Things even out a lot once you build up a decent arsenal from drops from the Lilith DLC itself, but the deeper I got into the Lilith DLC, the more obvious it became that the primary purpose of most of this DLC was to serve as an epilogue or even final episode to the Tales game I didn’t play. There’s a side quest where you memorialize Scooter who, wait, what the fuck, Scooter’s dead? I guess Scooter’s dead. Vaughn has some history with this guy Cassius, and we kill Cassius in the Lilith DLC, which, uh. I guess that might’ve had some impact on people who played Tales?

It’s fine that this DLC exists to tie up loose ends from a spin-off game while setting up the third – it’s DLC. This does make me nervous that Borderlands 3 is going to treat Tales as a full game in the series that the audience is expected to be familiar with, especially since Tales apparently killed Scooter, a fairly major NPC from the series. Am I gonna get a third of the way into Borderlands 3 and it’s gonna start exploring the fallout of that one time Janey Springs was kidnapped and converted into a cyber-assassin by the Maliwan corporation and killed her former girlfriend Athena and just sort of expect me to have played the game where all that crazy shit actually happened?

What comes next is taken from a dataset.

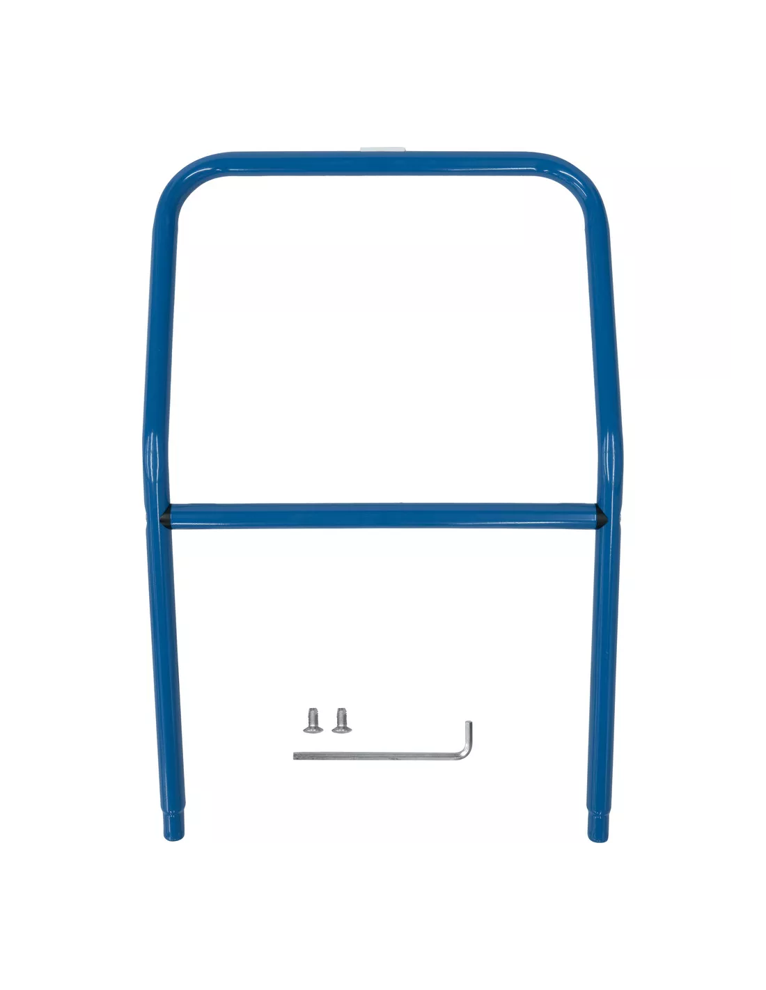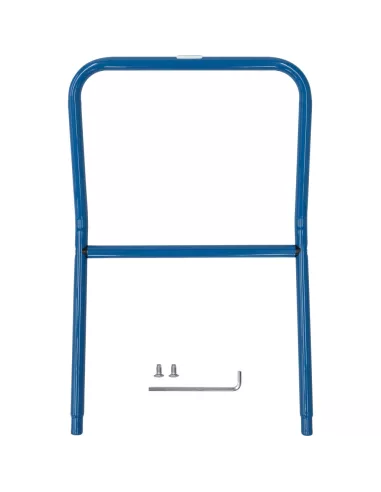 Barre pour poussée de chariots de magasin. En tube d'acier cintré, revêtement époxy bleu RAL 5007. Incl. matériel de montage sur côté des roulettes pivotantes des chariots.

But my major problem with the Lilith DLC is that it acts like Lilith’s leadership of the Crimson Raiders following Roland’s death is in question, and then has her clumsily grow into a role by, uh, making a tactical decision that sacrifices the hub town of Sanctuary and then giving a heroic speech, neither of which are especially Roland-y things to do. The Lilith DLC, both in that it is properly called Commander Lilith and the Battle for Sanctuary and in that it opens and closes with beats from this character arc, is about Lilith growing into the role of leader of the Crimson Raiders. But I never got the feeling that this was ever in question? At the end of Borderlands 2 my impression is that Lilith’s leadership was not at all in dispute, and she certainly doesn’t seem to have any inability to make hard tactical decisions in a hurry (particularly since Sanctuary was fully evacuated when she sacrificed it, so it was a purely sentimental loss to defeat this week’s planet-killing supervillain – it was actually a pretty easy call) nor is there any indication that Lilith’s legitimacy is doubted by the other Crimson Raiders or that she lacks confidence in her ability to lead. And her speech at the end doesn’t really resemble anything Roland ever said.

And if they’d just let Lilith’s presumptive succession of Roland stand without drawing attention to it, they could’ve branded this DLC as a continuation of Tales and it would’ve been way less jarring for all these characters and events I’d never heard of to be getting the spotlight.